56 may serve as a starting point for investigating different intolerance of uncertainty–related cognitions and behaviors. In addition, future studies should include both adolescents and adults to allow for conclusions regarding the developmental course of intolerance of uncertainty. Moreover, this review highlights the need to further investigate intolerance of uncertainty and its neural pathways in other clinical populations that have high anxiety. For example, high anxiety is the norm in eating disorders such as anorexia nervosa and bulimia nervosa. A need for control and certainty is key, particularly for individuals with anorexia nervosa; indeed, the first studies confirmed elevated levels of intolerance of uncertainty in patients with anorexia nervosa.
13,14 Current psychological treatments for anorexia are suboptimal at best, and understanding the neural circuit of intolerance of uncertainty may offer a different way to treat anorexia.

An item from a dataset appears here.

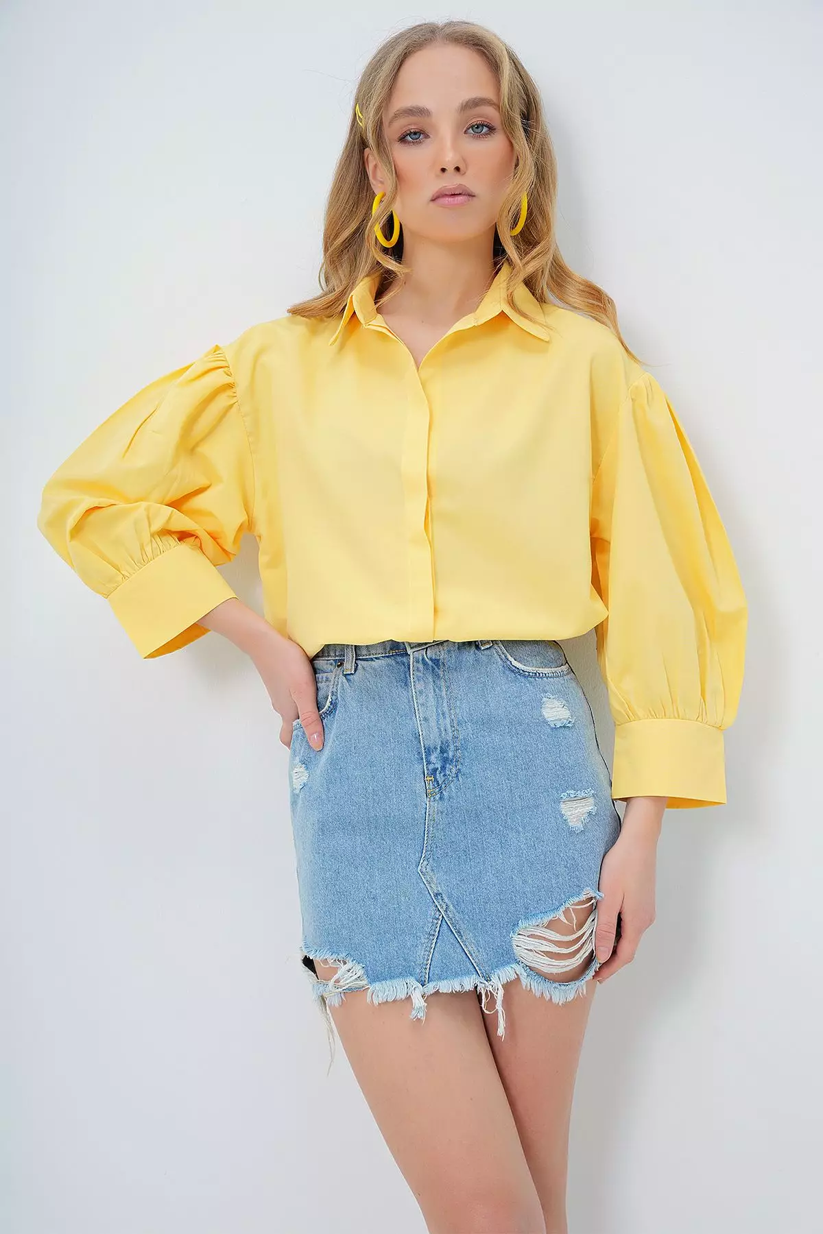 Women's Yellow Balloon Sleeve Hidden Placket Basic Poplin Shirt

In summary, increasing evidence demonstrates the existence of specific neural correlates of intolerance of uncertainty. However, the neural correlates found thus far might be specific to ambiguity, rather than to future-oriented intolerance of uncertainty. Furthermore, there is no conclusive evidence on whether the neural correlates of intolerance of uncertainty differ among distinct patient groups with high intolerance of uncertainty, and studies in clinical samples other than individuals with anxiety disorders and OCD are especially lacking.
Thus, with the knowledge that intolerance of uncertainty is related not only to anxiety disorders but also to a variety of clinical disorders, it is extremely relevant to gain more knowledge about this topic. This will pave the way for the development of appropriate treatment methods for patients suffering from pathological intolerance of uncertainty. The application of neurofeedback or real-time functional magnetic resonance imaging is one example of a possible treatment method based on findings of functional magnetic resonance imaging studies. This sophisticated technique allows participants to monitor and alter their own brain activity in specific brain areas.
57 This is beneficial because participants can directly experience the consequences of their behavior on their brain activity and can learn to downregulate the hyperactivation in the brain areas responsible for intolerance of uncertainty. This may help to relieve their stress and anxiety-related behavioral responses during uncertain situations. In addition, understanding the neural correlates underlying intolerance of uncertainty may improve techniques such as deep brain stimulation and transcranial magnetic stimulation.
In conclusion, to pave the way for new treatment approaches for anorexia nervosa by targeting intolerance of uncertainty and the associated psychopathology, future research should focus on the development of a uniform methodology to study the neural correlates of intolerance of uncertainty and should include different neuroimaging methods. Moreover, it is of special interest to incorporate distinct clinical groups to corroborate the transdiagnostic value of intolerance of uncertainty.